Удивление у Дианы вызывала Фикри. Вначале американка думала, что Фикри говорит только по-турецки. Однако оказалось, что она все-таки владеет ломаным французским, а ее прежнее молчание объяснялось скорее ее робостью, чем языковыми проблемами. Диана также предполагала, что турчанка будет испытывать к ней неприязнь или даже ненависть за то, что она, Диана, стала делить ложе с Кемалем. Но и это было не так. По возвращении Дианы на виллу Чанкайя за два дня до начала наступления Кемаля Фикри впервые заговорила с американкой по-французски, и скоро стало ясно, что «загадочная» женщина, каковой ее считала Диана, стала раскрываться перед ней как добрая подруга. Поначалу это сбивало Диану с толку, так как она чувствовала, что Фикри питает к Кемалю такую же страсть, как и она сама. Но со временем к ней стало приходить понимание: Фикри воспринимала флирт Кемаля с Дианой как нечто совершенно нормальное. Кемаль сдернул с турчанок чадру и попытался улучшить их положение, но традиции института гаремов все еще оставались в сознании многих турчанок. Диана решила, что Фикри просто считает себя и ее наложницами Кемаля. Эта мысль ее весьма позабавила.

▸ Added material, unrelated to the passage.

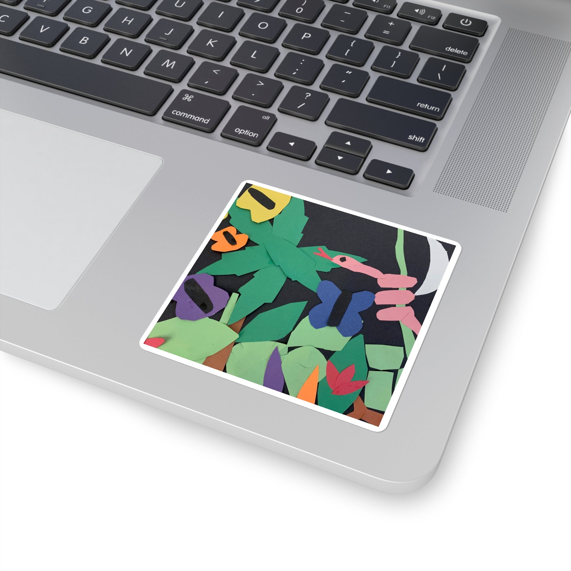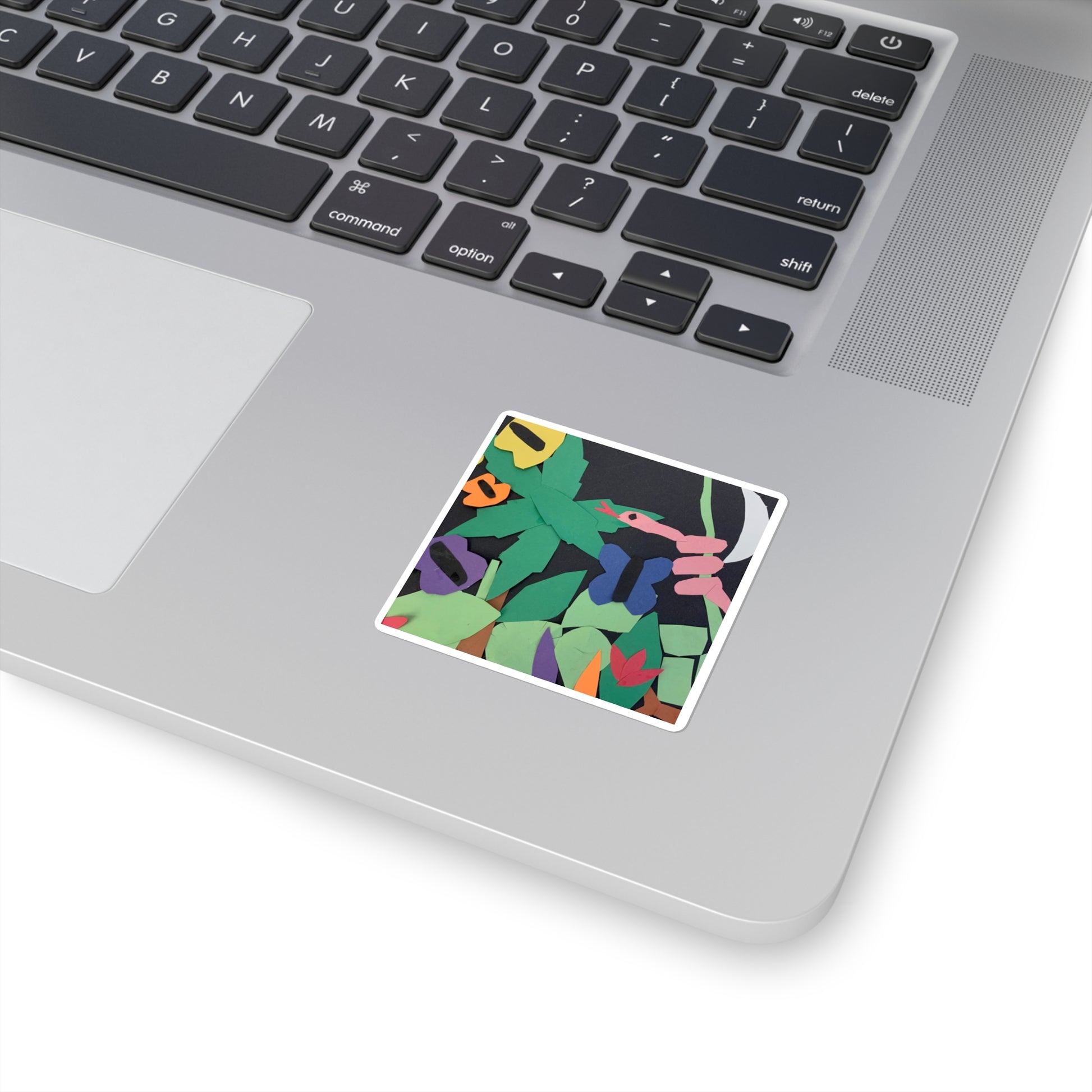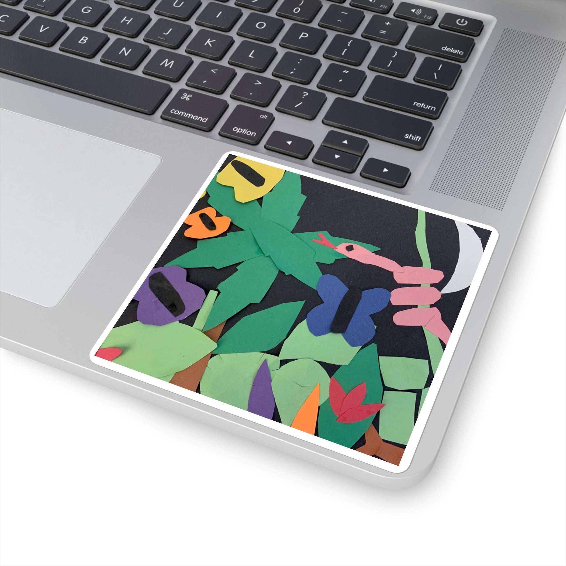 A vibrant, square vinyl sticker that brings playful collage art to everyday surfaces. The glossy finish makes colors pop — rich greens, deep blacks, and bright accents — while a durable vinyl face and strong 3M acrylic backing hold up to regular indoor use. Choose from four sizes to fit laptops, journals, water-bottle sleeves, or planners. The sticker’s scratch-resistant surface keeps the design lively, and eco-solvent inks deliver extra-bright, long-lasting color without harsh chemicals. Note: designed for indoor display and not waterproof.

Они жили кочевой жизнью. На каждую ночь полковник Ариф подыскивал крестьянский домик или господскую виллу для гази и его свиты. Диана привыкла спать на соломенных матрасах, а однажды делила ночлег на сеновале с двумя коровами и летучей мышью. Водопроводной системы, как правило, не было, и Диане приходилось довольствоваться родниками и ручьями. Но какими бы примитивными ни были условия жизни, она не жаловалась. Быть рядом с гази — о другом Диане и не думала.
Каждый день Кемаль проводил в седле и нечеловечески уставал, однако внутренние энергетические резервы помогали ему идти с войсками дальше. Словно он чувствовал, что переживает лучшую пору своей жизни. В течение всей первой недели кампании он едва ли перекинулся парой слов с Фикри и Дианой. За столом он по необходимости говорил только на военные темы. Однако на восьмой вечер, когда до Смирны было уже рукой подать, после ужина он прогнал от себя всех, кроме Дианы.
В тот раз они остановились на ночлег на вилле торговца коврами близ Сардиса. В доме было уютно и прохладно, окна выходили на открытую веранду, и, кроме этого, имелось еще просто неслыханное удобство: старая цинковая ванна. Фикри и Диана помылись и потерли друг другу спины. Женщины хохотали и плескались, словно школьницы, возможность принять ванну пьянила их, как шампанское. Потом Диана надела чистое платье и тщательно накрасилась. Словно бы предчувствовала, что гази призовет ее к себе в ту ночь. То ли она была права в своих предположениях, то ли замена брюк, в которых она была неделю, на платье сыграло роль — ей это было не важно. Важно было то, что она наконец-то осталась наедине со своим гази.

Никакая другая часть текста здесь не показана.